Butter cakes are traditionally made using a creaming method, in which the butter and sugar are first beaten until fluffy to incorporate air into the butter. Eggs are then added gradually, creating an emulsion, followed by alternating portions of wet and dry ingredients. Butter cakes are often considered to be unsurpassed in their richness and moistness when stored at room temperature, but they tend to stiffen, dry out, and lose flavor when refrigerated, making them unsuitable for filling or frosting in advance with ingredients that must be refrigerated, such as cream cheese frosting and pastry cream.
Ingredients
- 1 cup (1/2 lb.) butter, softened (see notes)
- 1 1/2 cups sugar
- 3 large eggs
- 3 large egg yolks
- 1 tablespoon vanilla
- 3 1/4 cups cake flour
- 2 1/2 teaspoons baking powder
- 1/4 teaspoon salt
- 1 1/4 cups milk
Preparation
1. In a bowl, with a mixer on medium-high speed (use the paddle attachment if using a standing mixer), beat butter and sugar until fluffy and pale yellow, 4 to 5 minutes. Add eggs, then yolks, one at a time, beating well after each addition and scraping down sides of bowl as necessary. Beat in vanilla.
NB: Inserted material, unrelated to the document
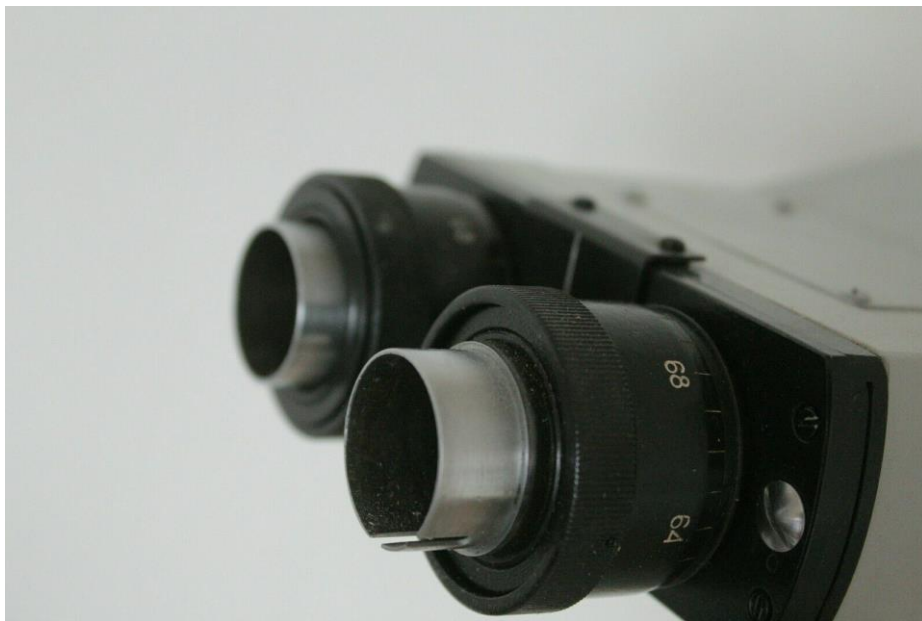
Die Okularaufnahme des Binotubus. Der Schlitz dient zur genauen Positionierung der Okulare (Spezialokulare, spannungsfrei mit Stift zur Ausrichtung)

2. In another bowl, mix flour, baking powder, and salt. Stir (or beat at low speed) about a third of the flour mixture into butter mixture. Stir in half the milk just until blended. Stir in another third of the flour mixture, then remaining milk, followed by remaining flour. Scrape batter equally into two buttered and floured 9-inch round cake pans and spread level.
3. Bake in a 350° regular or convection oven until a wooden skewer inserted in the center comes out clean, 25 to 30 minutes. Cool on racks in pans for 10 minutes, then invert cakes onto racks and remove pans. Cool completely before frosting.